> What is needed
Pictures stay out of the copy. Retype exactly, and only, the lines from the one containing "塗箸・黒×1、箸置き・カレイ" through the end of the listing below.

> Data extract
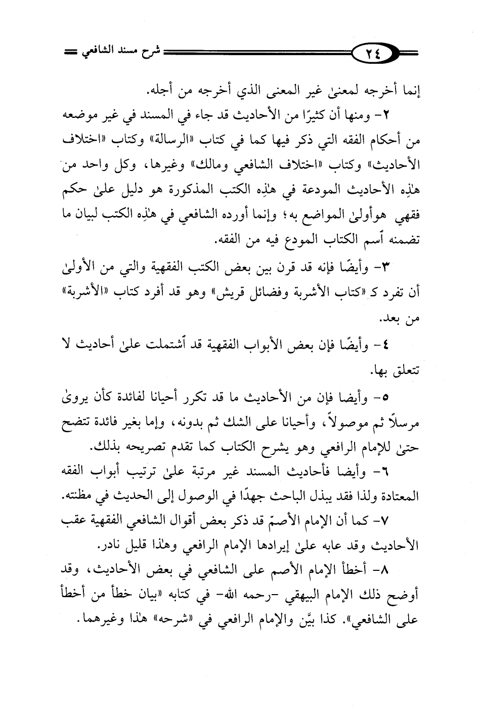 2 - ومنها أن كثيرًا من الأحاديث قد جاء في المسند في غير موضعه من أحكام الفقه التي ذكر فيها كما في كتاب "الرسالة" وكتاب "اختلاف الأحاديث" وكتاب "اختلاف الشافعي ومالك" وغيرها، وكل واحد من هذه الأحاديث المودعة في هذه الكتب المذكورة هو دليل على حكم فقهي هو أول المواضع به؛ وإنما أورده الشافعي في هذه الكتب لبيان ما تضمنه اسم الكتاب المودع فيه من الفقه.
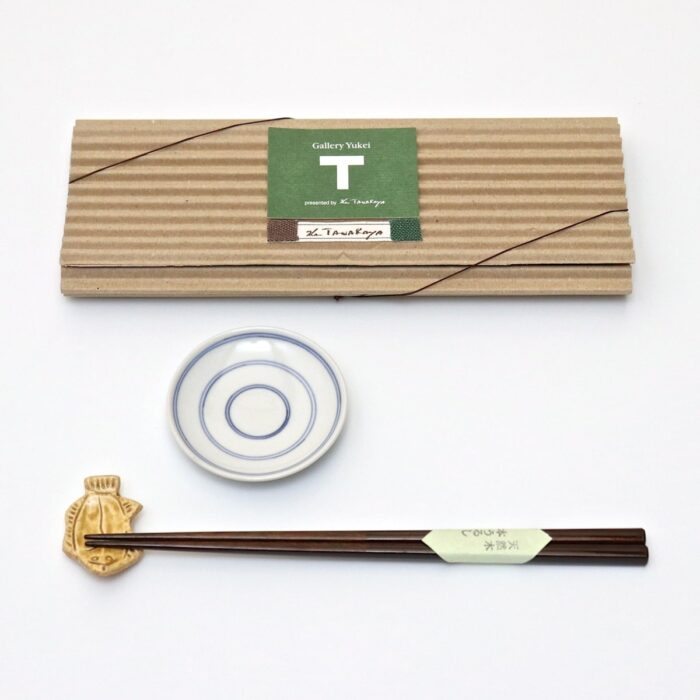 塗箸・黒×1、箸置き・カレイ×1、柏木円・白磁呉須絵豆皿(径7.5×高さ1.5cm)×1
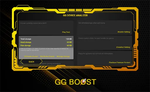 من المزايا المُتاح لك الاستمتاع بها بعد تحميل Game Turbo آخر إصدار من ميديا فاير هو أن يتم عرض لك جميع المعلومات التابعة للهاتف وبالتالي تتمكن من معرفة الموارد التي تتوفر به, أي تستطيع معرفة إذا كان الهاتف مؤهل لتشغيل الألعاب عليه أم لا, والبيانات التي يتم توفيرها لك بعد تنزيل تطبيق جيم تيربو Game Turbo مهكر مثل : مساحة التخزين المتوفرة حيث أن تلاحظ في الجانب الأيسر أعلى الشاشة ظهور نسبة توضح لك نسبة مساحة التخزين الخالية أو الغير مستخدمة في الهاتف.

> Written solution
 塗箸・黒×1、箸置き・カレイ×1、柏木円・白磁呉須絵豆皿(径7.5×高さ1.5cm)×1
 من المزايا المُتاح لك الاستمتاع بها بعد تحميل Game Turbo آخر إصدار من ميديا فاير هو أن يتم عرض لك جميع المعلومات التابعة للهاتف وبالتالي تتمكن من معرفة الموارد التي تتوفر به, أي تستطيع معرفة إذا كان الهاتف مؤهل لتشغيل الألعاب عليه أم لا, والبيانات التي يتم توفيرها لك بعد تنزيل تطبيق جيم تيربو Game Turbo مهكر مثل : مساحة التخزين المتوفرة حيث أن تلاحظ في الجانب الأيسر أعلى الشاشة ظهور نسبة توضح لك نسبة مساحة التخزين الخالية أو الغير مستخدمة في الهاتف.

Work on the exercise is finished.